Secretary Kumar, in a measured yet unmistakably defensive tone, invoked the legacy of the OSM's initial deployment, contending that the system's capacity to eliminate arithmetic miscalculations represents a net improvement over the antiquated manual tallying methods that once afflicted the nation’s most coveted board examinations. Nevertheless, the official narrative conspicuously omits any reference to a systematic quality‑control protocol for the ink density on answer sheets, thereby raising doubts as to whether the Ministry has undertaken a comprehensive risk assessment before reinstating a technology whose efficacy depends upon the flawless execution of peripheral logistical parameters.

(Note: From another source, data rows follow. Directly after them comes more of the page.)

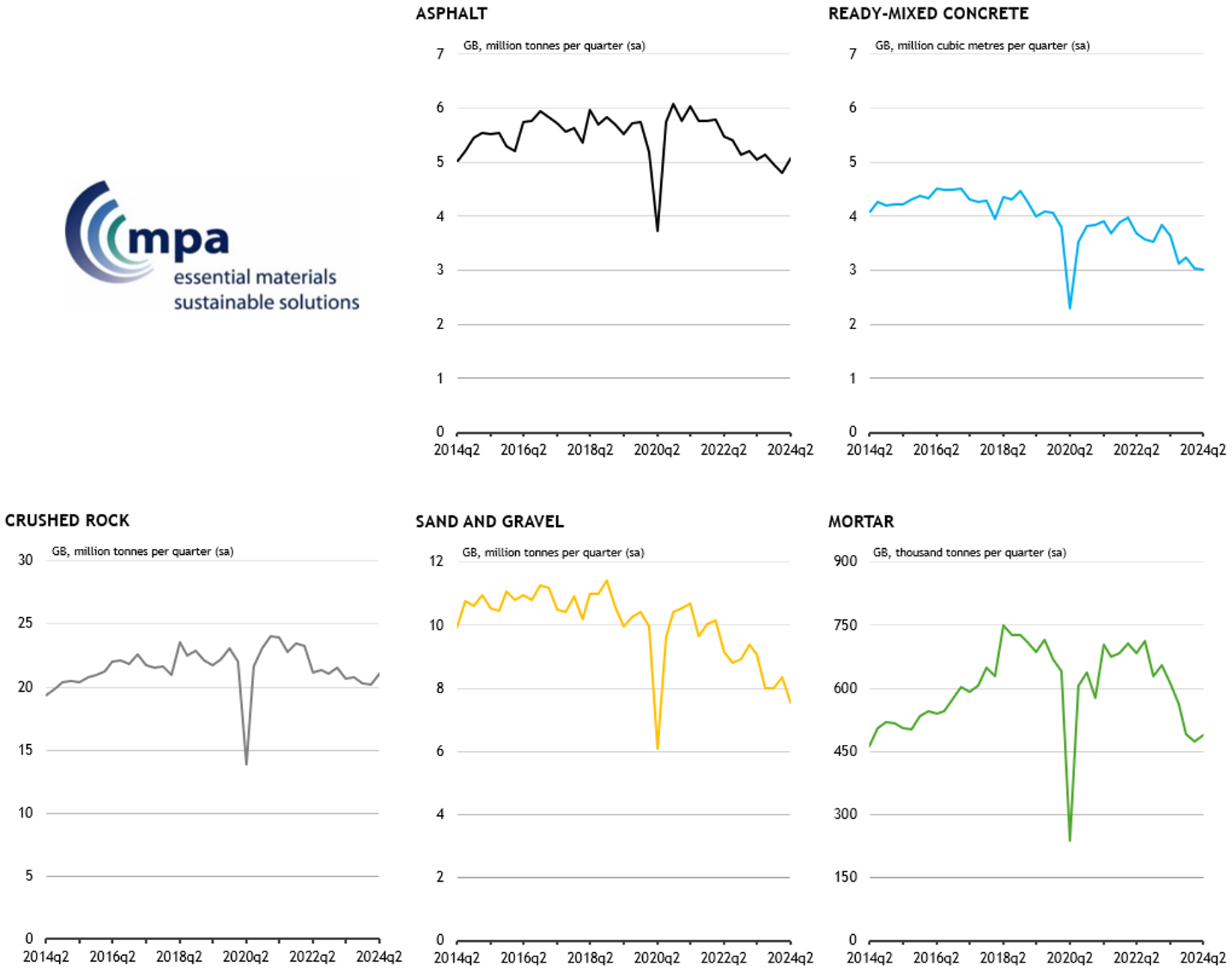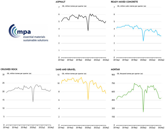 New figures from the Mineral Products Association (MPA) show a modest overall improvement in the sales of construction aggregates and asphalt in Great Britain for the second quarter of 2024.
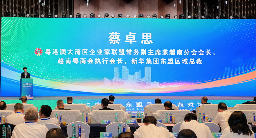 粤港澳大湾区企业家联盟常务副主席兼越南分会会长、越南粤商会执行会长、新华集团东盟区域总裁蔡卓思分享联盟与越南的合作成果以及集团未来在东盟的布局。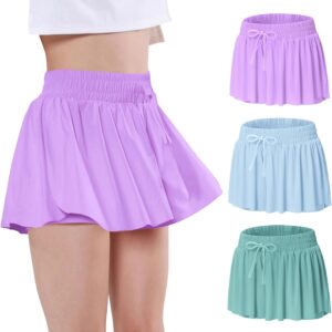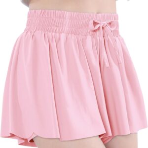 EXARUS Girls Butterfly Shorts Flowy Dance Skirt Cheer Skorts Athletic Tween Clothes Teen Preppy Outfits Flutter Kids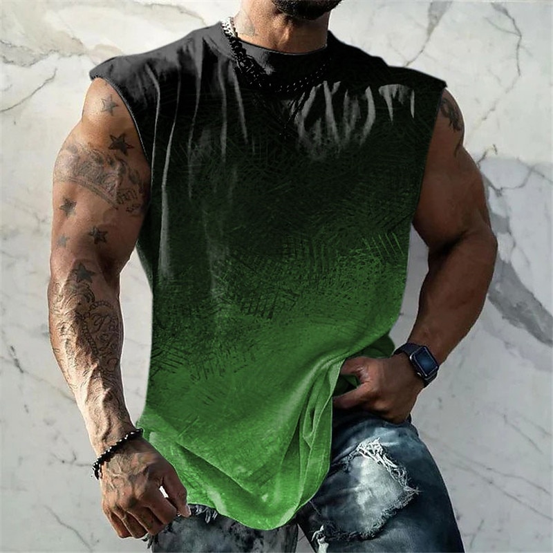 Men's Graphic Gradient Vest Top Sleeveless T Shirt for Men Double Color T Shirt Sleeveless Cap Sleeve T shirt 3D Print Crew Neck Shirt Fashion Designer Muscle Daily Sports Gym Yellow Blue Purple 10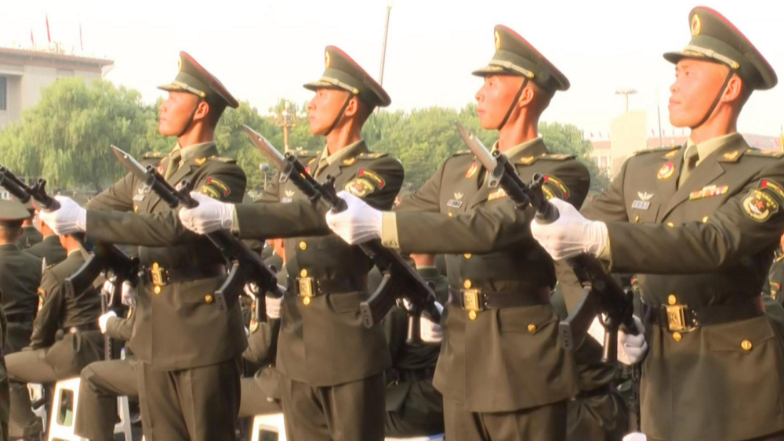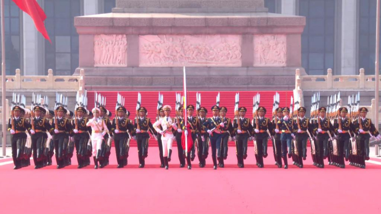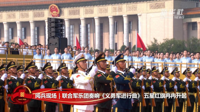 联合军乐团奏响《义勇军进行曲》 五星红旗冉冉升起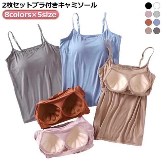 キャミ キャミソール キャミソール キャミソール 冷感 2枚セットブラ付き 接触冷感 カップ付き 夏 インナー ノースリーブ 肌着 レディース ひんやりタンクトップ トップス 下着 キャミソールセット タンクトップ黒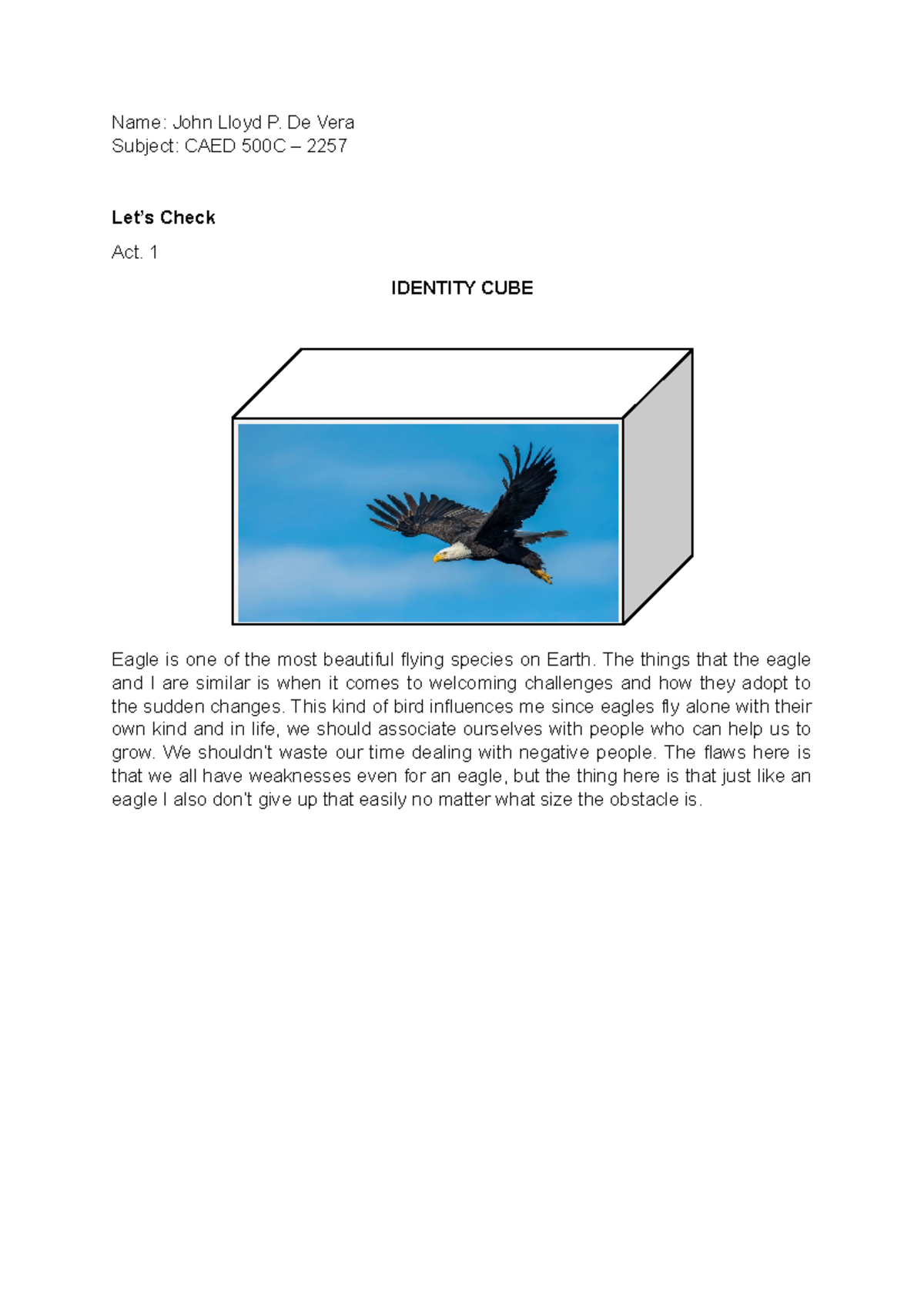 CAED 500 - Module 1 - CAED 500 - LET’S CHECK! ACTIVITY 1 IDENTITY CUBE ...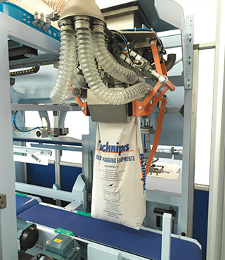 Production maximale de 500 à 600 sacs/heure avec des produits à écoulement libre.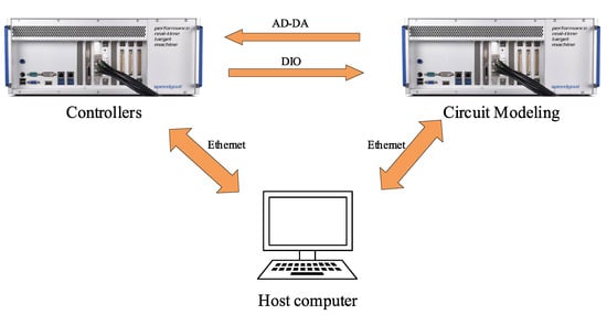 The specific environment of the experiment is shown in Figure 11, where (1) is the host computer for operation and control, (2) is the oscilloscope which can observe the output waveforms in real time, (3) is the Speedgoat 1 simulator, which carries out real-time simulations of the circuit model in the internal FPGA and (4) is the Speedgoat 2 simulator, which runs the control algorithm in the CPU environment. The information is extracted through the analogue and digital boards ((5) and (6)).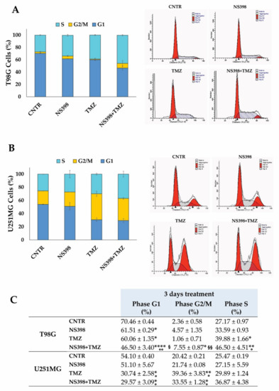 The effect of TMZ, NS398, and their combination on cell cycle distribution by flow cytometry was analyzed on T98G and U251MG. The cell cycle analysis of T98G cells showed that NS398 treatment significantly reduced the percentage of T98G cells in G1. Meanwhile, the presence of TMZ determined not only an evident decrease in cells in G1 but also a clear increase in the S-phase. Of interest, the NS398+TMZ combination altered the cell cycle phase distribution, inducing a significant reduction in G1-phase with respect to CNTR, NS398, and TMZ, with a significant cell accumulation in G2/M-phase with respect to CNTR and TMZ (Figure 6A,C). In the U251MG cells, the treatment with TMZ caused similar effects as the combination, resulting in a reduction in the cell population in the G1 phase, with a clear increase in the G2/M phase fraction when compared with CNTR and NS398-treated cells at 3 days (Figure 6B,C).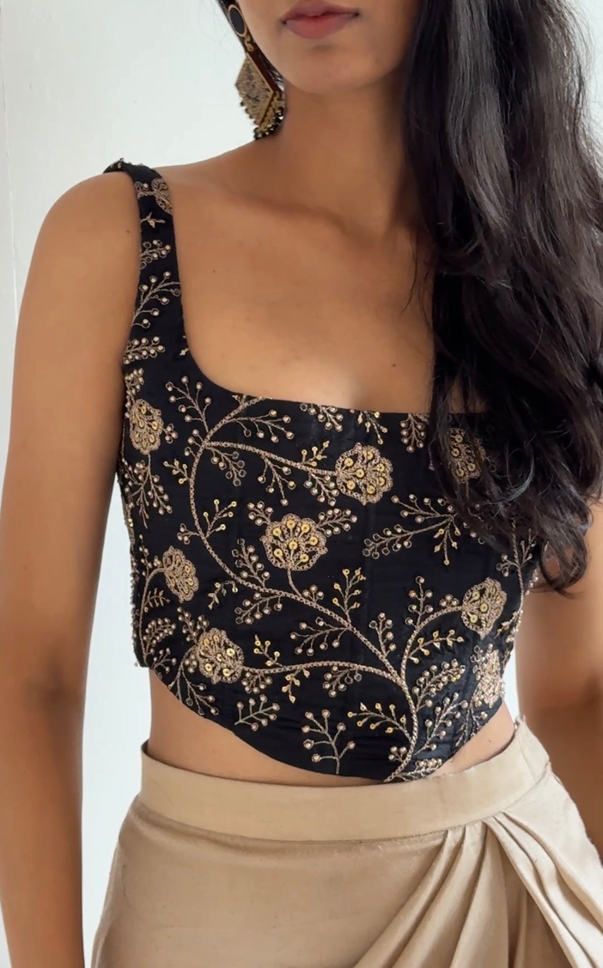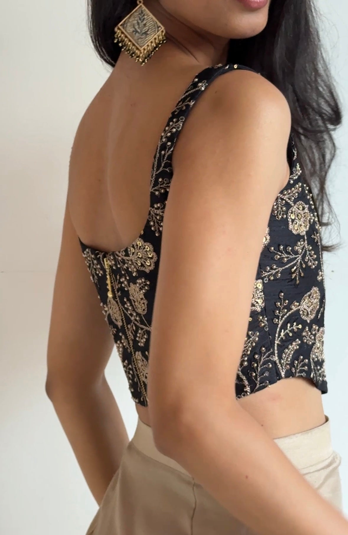 This corset top is crafted from embroidered raw-silk fabric. It is a structured corset top with minimal stretch. It features boning details and a back zipper.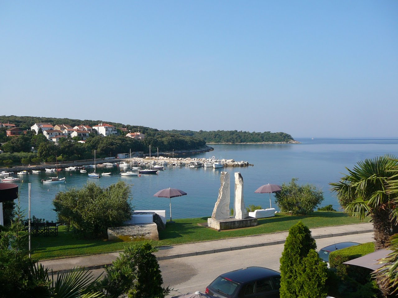 The hotel itself is situated in a charming small village a couple of miles outside Pula. There are just 10 rooms and we have one facing the sea. There is a large balcony with a delightful outlook, and it is just steps from the rocks from where we can swim unencumbered by campers and caravaners.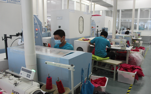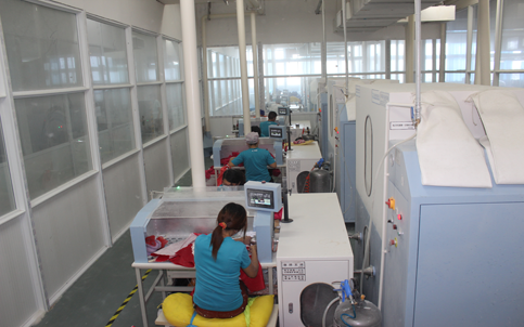 利用高壓氣體吸取羽絨,通過全自動稱重裝置,將設(shè)定克重的羽絨精準充入裁片。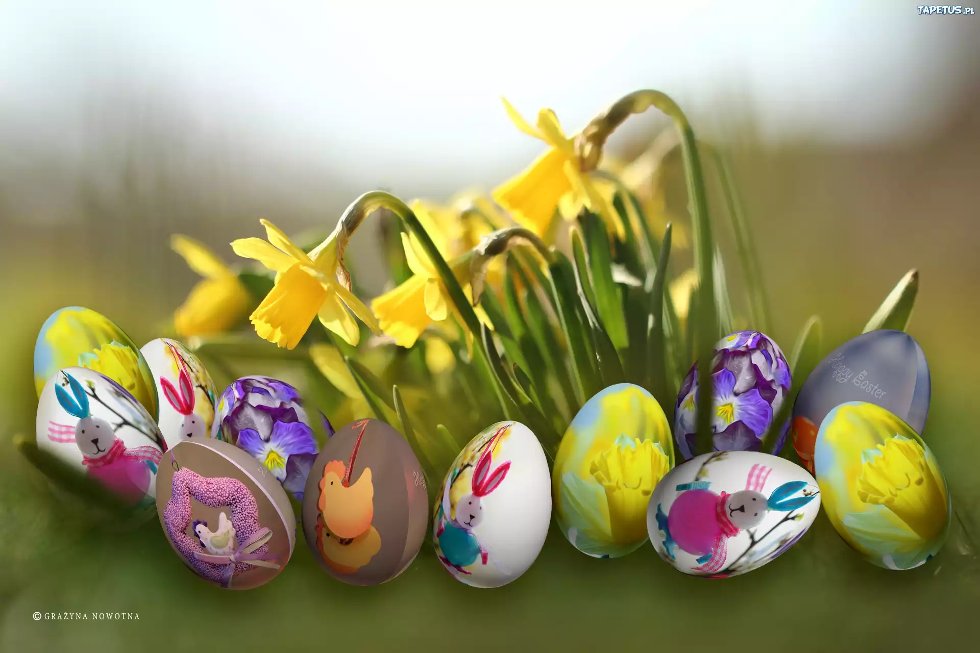 Tapeta Kolorowe, Jajeczka, Żonkile, Kwiaty, Święta, Wielkanoc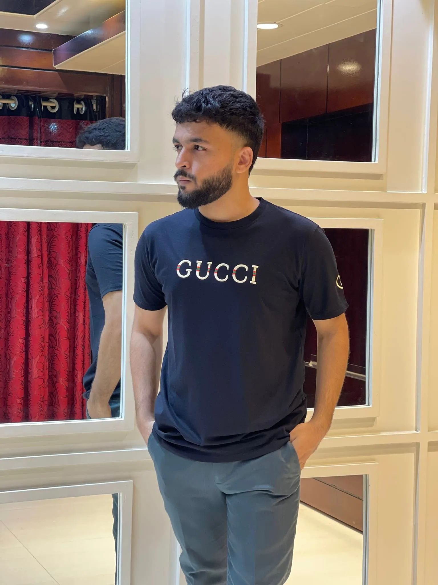 এই ব্ল্যাক Gucci টি-শার্টটি তৈরি করা হয়েছে 160 GSM, 100% অর্গানিক কটন দিয়ে। খাঁটি কটনের মসৃণ আরাম আপনার সারাদিনের যাত্রাকে করবে স্বাচ্ছন্দ্যময়। প্রিমিয়াম এমব্রয়ডারি যুক্ত ডিজাইন আপনার লুককে দেবে আলাদা রুচির ছোঁয়া। ক্যাজুয়াল থেকে শুরু করে স্মার্ট সব আউটফিটের জন্য উপযুক্ত।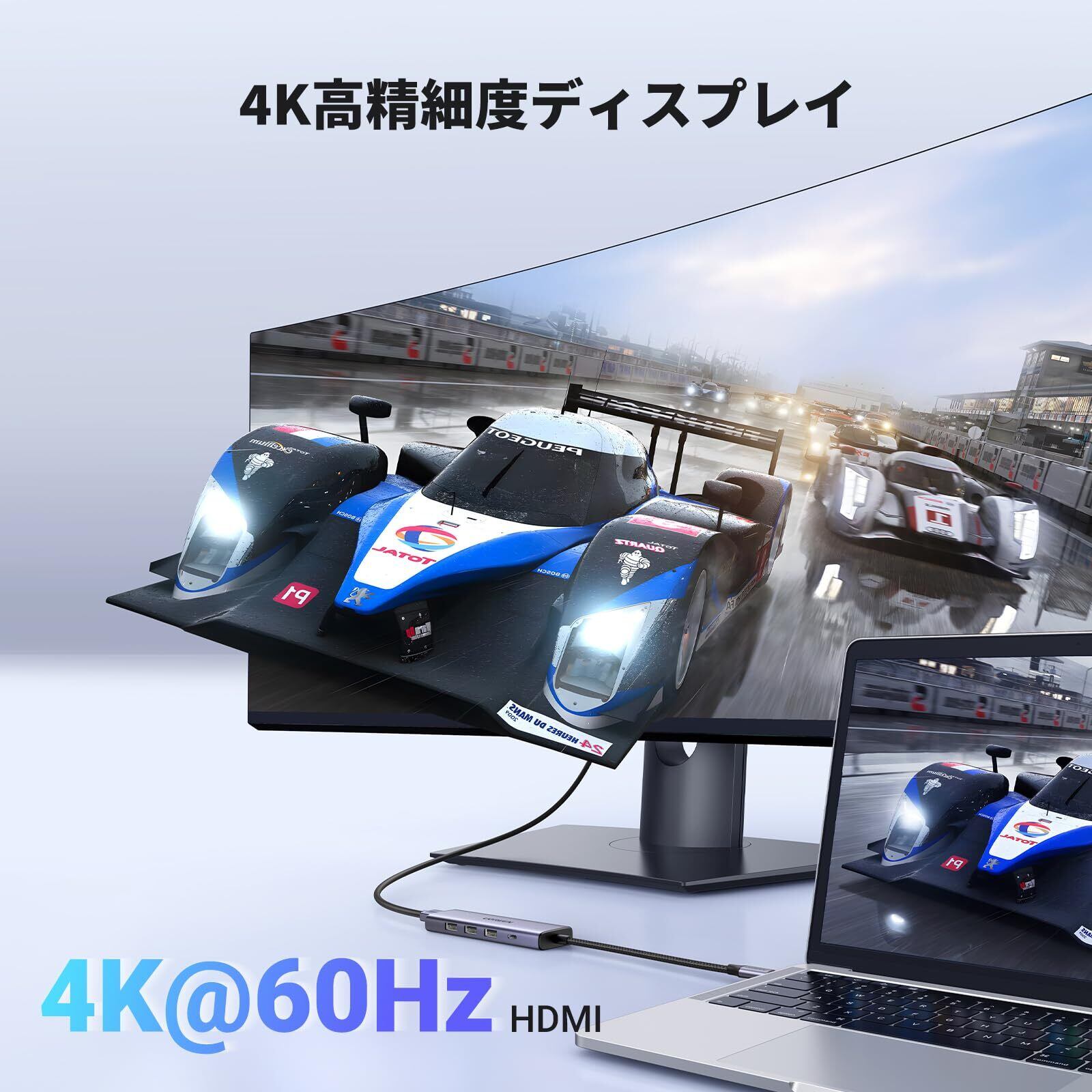【人気商品】PD急速充電 Type-C 3*USB‐A3.0ポート4K 100W HDMI2.0出力 5Gbps高速データ転送 Windows Cハブ 11/10/8.1/8; MAC OS; USB linux; IOS;Androidシステム対応 MacBook 5-IN-1 Air/MacBook pro/Dell XPS13シリーズ;iPad UGREEN Pro 2018/2020などと互換性あり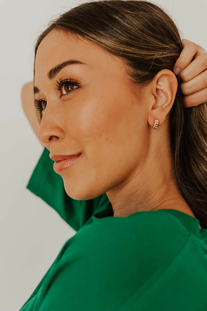 Add a touch of gold to any outfit with these cute, gold half hoop stud earrings!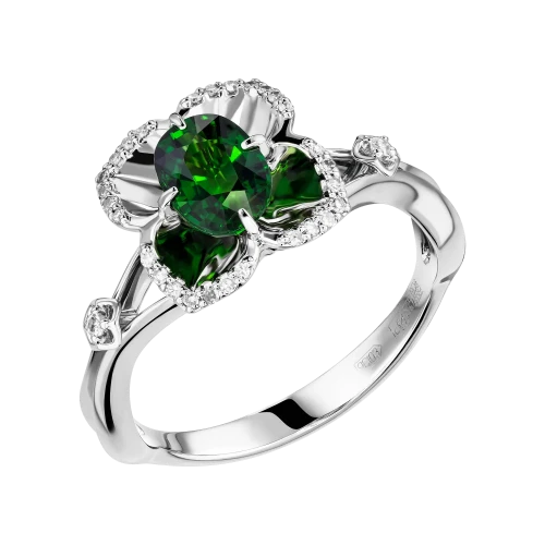 Белое золото оправы растворяется в блеске бриллиантов, образующих тонкое обрамление вокруг центрального кристалла. Их мерцающая игра подчёркивает глубину зелёного сияния тсаворита, а контраст холодного металла и тёплого внутреннего света минерала рождает ощущение целостности и завершённости.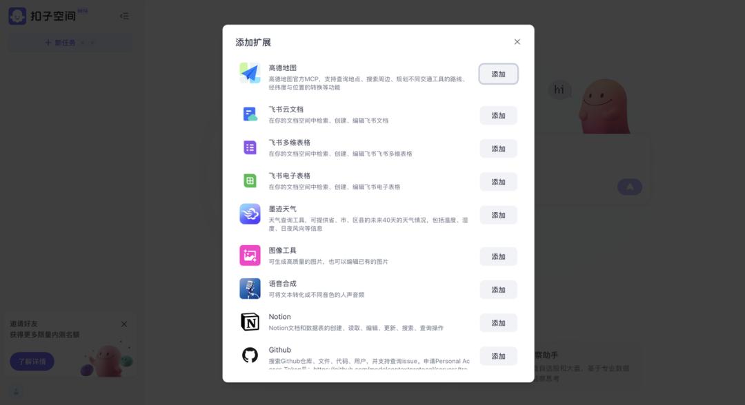 纳米AI的主要卖点是「MCP万能工具箱」,号称接入了近百个高质量的第三方工具。纽扣空间的扩展相对较少,有些只有简单的功能。以腾冲攻略为例。我可以在纽扣空间的墨迹天气扩展中加入天气预报攻击策略,但没有成功利用高德地图扩展生成日常景点路线图。在大多数尝试中,只显示了腾冲在地图上的位置。

The episode arrives amidst a broader tableau of systemic inadequacies, wherein health ministries grapple with vaccine cold‑chain failures, municipal corporations contend with water‑supply disruptions, and educational reforms remain hamstrung by chronic funding shortfalls, collectively illuminating a pattern of administrative optimism that eclipses operational reality. Such recurrent disjunctions between proclaimed policy aspirations and the material conditions experienced by students, patients, and ordinary citizens underscore the necessity of instituting robust accountability mechanisms that can withstand the inertia of bureaucratic complacency.

If the Ministry of Education indeed aspires to a meritocratic framework wherein every pupil's performance is adjudicated solely on intellectual achievement, then it must reconcile the paradox of deploying a digital marking apparatus that, without rigorous pre‑deployment validation of ancillary components such as ink pigmentation, paradoxically introduces a new vector of inequity capable of nullifying the very fairness it purports to enhance. Moreover, the reliance upon an ad‑hoc manual re‑evaluation of thirteen thousand compromised answer books, conducted by overstretched examiners operating under tight deadlines, raises substantive concerns about the procedural integrity of the entire examination ecosystem, especially when no independent audit or citizen‑led oversight entity has been summoned to verify the accuracy of the eventual corrected results. Consequently, the public is left to question whether the Ministry's assurances of timely resolution merely constitute a rhetorical placation designed to preserve institutional reputation, or whether they reflect a genuine commitment to remedial action grounded in transparent, evidence‑based practices that can be scrutinised by an informed citizenry.

Should the legislative framework governing national examinations be amended to mandate pre‑emptive third‑party certification of all technological components, including ink density standards, thereby imposing a statutory duty upon the Ministry to demonstrate compliance before any digital system is deployed? Might the Supreme Court, invoking its constitutional mandate to uphold the right to education as a fundamental right, consider directing an inter‑departmental inquiry into the systematic failures that permitted a known procedural flaw to jeopardise the academic futures of thousands of students across disparate socio‑economic strata? Would the establishment of an autonomous National Examination Oversight Commission, endowed with powers to audit, recommend remedial measures, and enforce penalties for non‑compliance, constitute a viable solution to curtail recurrent administrative negligence and restore public confidence in the integrity of the nation’s pivotal assessment mechanisms? Finally, can the central and state governments, acknowledging the interdependence of educational outcomes with public health, civic infrastructure, and socioeconomic equity, commit to a coordinated policy agenda that integrates robust funding, transparent monitoring, and citizen participation to ensure that future examinations are conducted without the spectre of technical missteps that have hitherto undermined the promise of equal opportunity?